START Exercise materials
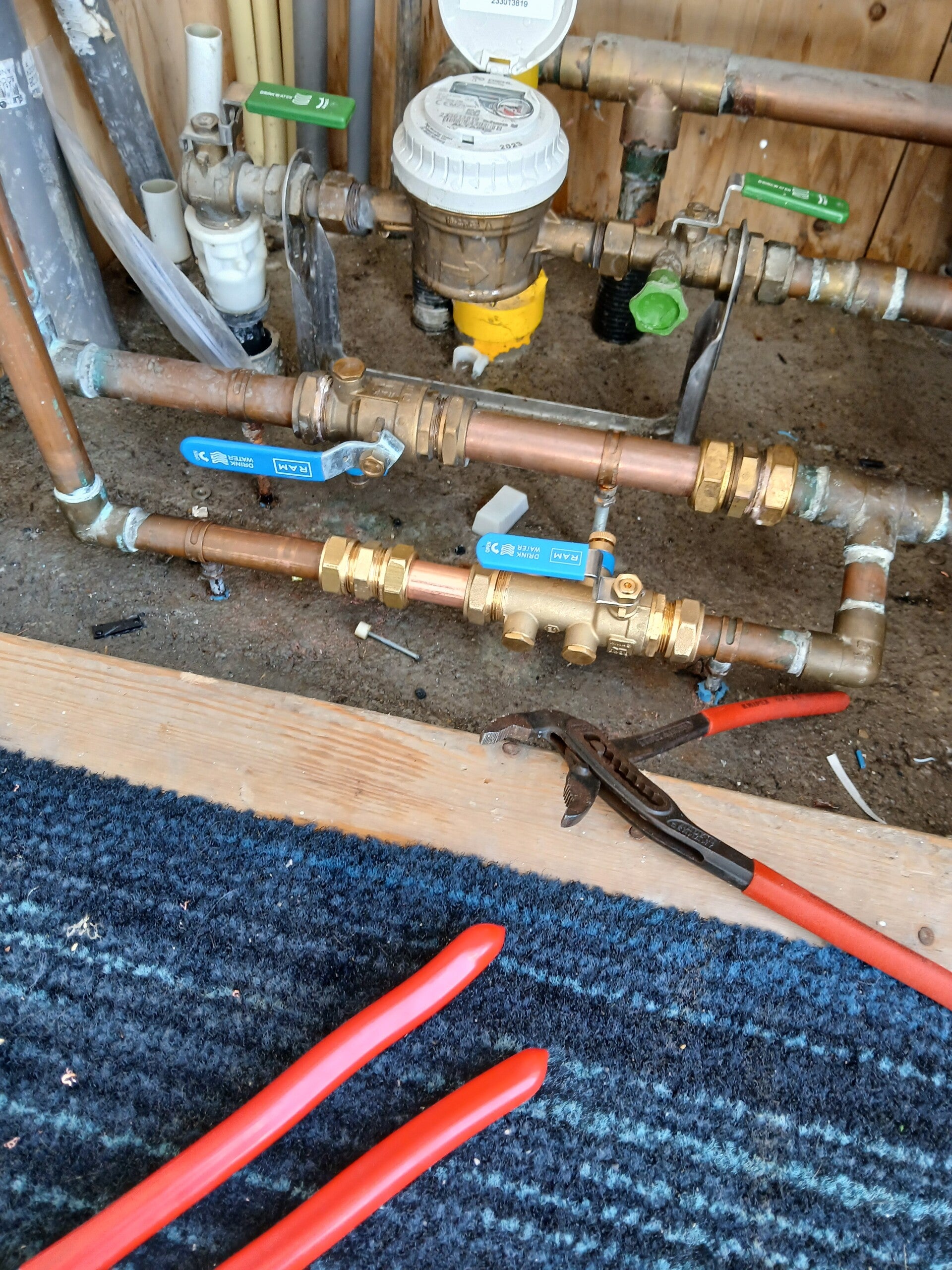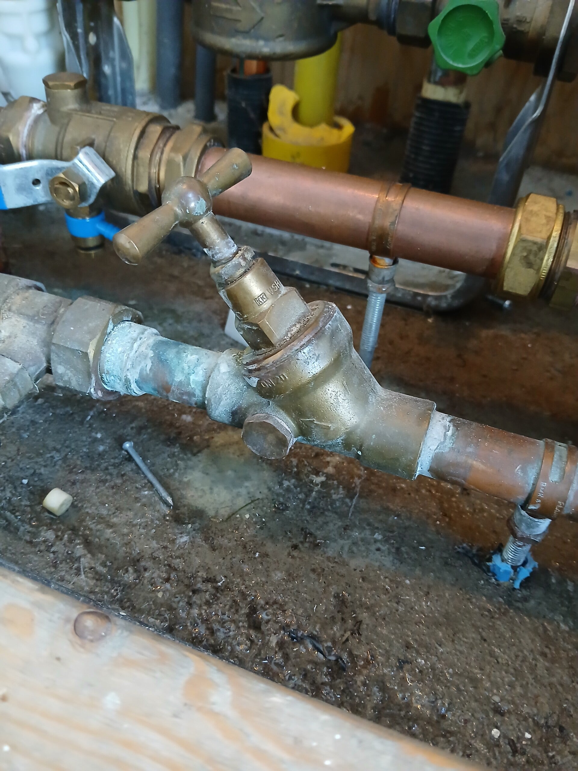 Wij hebben de oude koperen leiding met een ijzerzaag doorgezaagd en een nieuwe afsluit knelkraan tussen geplaatst. Vanwege dat de Afsluit knelkraan groter was dan de oude vertinde afsluitkraan moest de oude T-koppeling ook worden gedemonteerd. Daarvoor hebben wij een nieuwe knel koppeling en een stuk koperen leiding voor in ruil geplaatst.
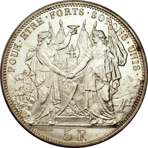 | Obverse lettering | POUR · ETRE · FORTS · SOYONS · UNIS · LIBERTÉ ET PATRIE 1836-1876 DURUSSEL 5 F. (Translation: Let`s be united to be strong Freedom and Homeland 5 Franken) |
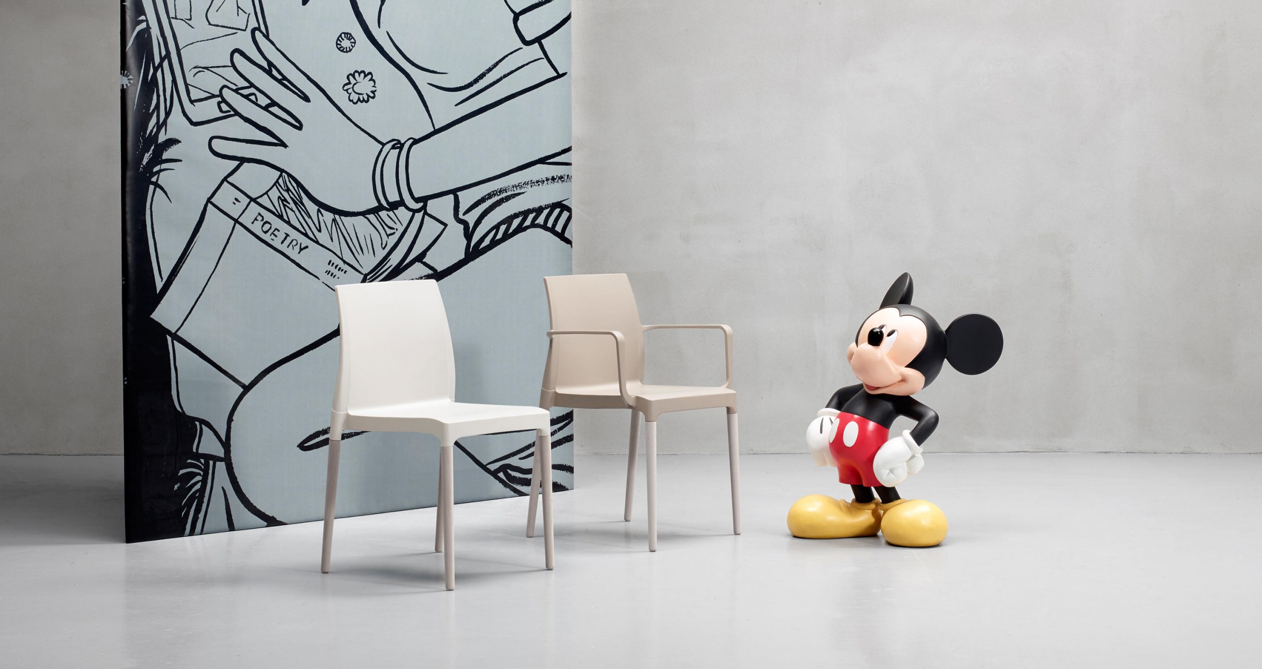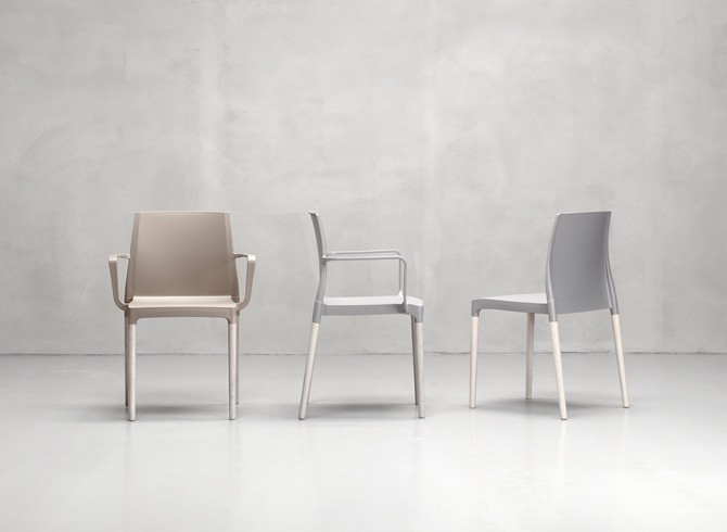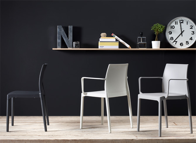 Chloe es una colección de sillas para uso interior y exterior según el acabado en la base. El cuerpo de la silla es en tecnopolímero reforzado con fibra de vidrio, diseñado para garantizar su durabilidad y funcionalidad.
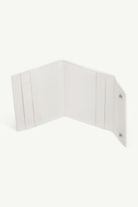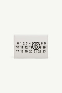 From the MM6 Spiga Capsule, this leather wallet becomes a canvas for the Maison’s numeric code. The logo is printed across its fold, split between front and back, aligning only when the piece is closed. An everyday accessory takes on a graphic gesture, balancing function with disruption. Product Details Item ID SA6UI0036P8881T1003 Body: 100% Calf Leather Inside: 100% Viscose-Rayon Trifold wallet in calf leather Four card slots Snap button closure MM6 numeric signature at the front White stitch line at the back
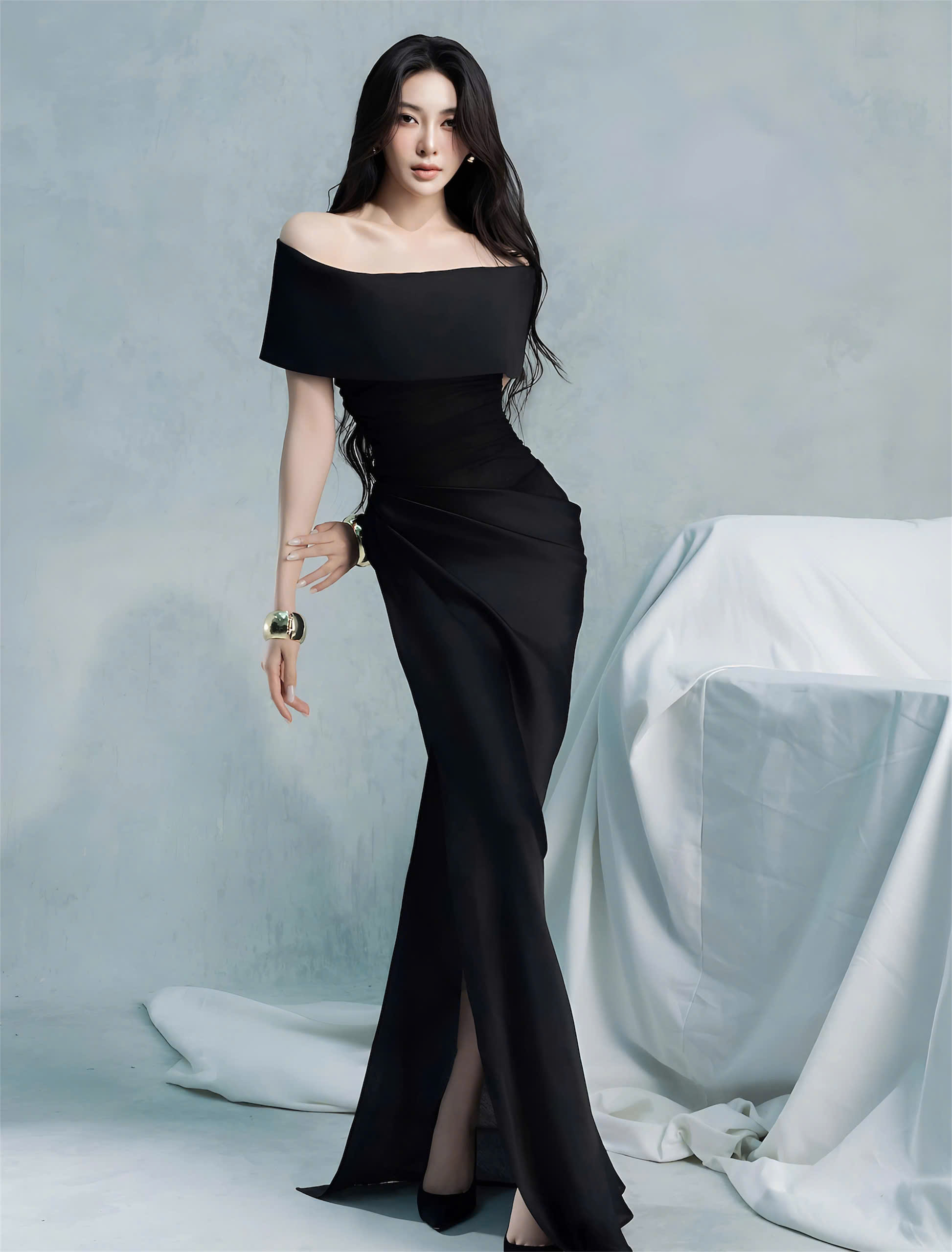Đầm dự tiệc dáng dài vai ngang xếp ly eo sang trọng
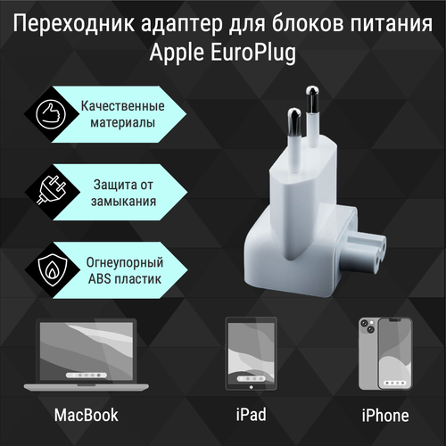 Переходник для блока питания Apple Euro Plug представляет собой высококачественный адаптер, который позволяет использовать зарядные устройства с разъемами EU с блоками питания от Apple.
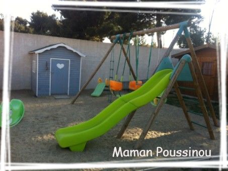 La cabane bleue ? C’est du bois lasuré en bleu, c’est moi qui l’ai faite l’année dernière pour Poussin 🙂 j’en suis très fière !!!
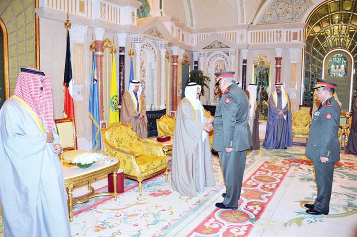 سموه مصافحاً رئيس الأركان بحضور سمو ولي العهد
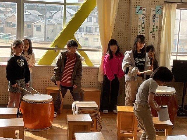 音楽の先生が叩く拍子に合わせて、子どもたちが大太鼓を叩きます。
END Exercise materials
• **Task goal**
Although the records above contain pictures, output every line exactly and leave the pictures out.

• **Result of the task**
 Wij hebben de oude koperen leiding met een ijzerzaag doorgezaagd en een nieuwe afsluit knelkraan tussen geplaatst. Vanwege dat de Afsluit knelkraan groter was dan de oude vertinde afsluitkraan moest de oude T-koppeling ook worden gedemonteerd. Daarvoor hebben wij een nieuwe knel koppeling en een stuk koperen leiding voor in ruil geplaatst.
 | Obverse lettering | POUR · ETRE · FORTS · SOYONS · UNIS · LIBERTÉ ET PATRIE 1836-1876 DURUSSEL 5 F. (Translation: Let`s be united to be strong Freedom and Homeland 5 Franken) |
 Chloe es una colección de sillas para uso interior y exterior según el acabado en la base. El cuerpo de la silla es en tecnopolímero reforzado con fibra de vidrio, diseñado para garantizar su durabilidad y funcionalidad.
 From the MM6 Spiga Capsule, this leather wallet becomes a canvas for the Maison’s numeric code. The logo is printed across its fold, split between front and back, aligning only when the piece is closed. An everyday accessory takes on a graphic gesture, balancing function with disruption. Product Details Item ID SA6UI0036P8881T1003 Body: 100% Calf Leather Inside: 100% Viscose-Rayon Trifold wallet in calf leather Four card slots Snap button closure MM6 numeric signature at the front White stitch line at the back
Đầm dự tiệc dáng dài vai ngang xếp ly eo sang trọng
 Переходник для блока питания Apple Euro Plug представляет собой высококачественный адаптер, который позволяет использовать зарядные устройства с разъемами EU с блоками питания от Apple.
 La cabane bleue ? C’est du bois lasuré en bleu, c’est moi qui l’ai faite l’année dernière pour Poussin 🙂 j’en suis très fière !!!
 سموه مصافحاً رئيس الأركان بحضور سمو ولي العهد
 音楽の先生が叩く拍子に合わせて、子どもたちが大太鼓を叩きます。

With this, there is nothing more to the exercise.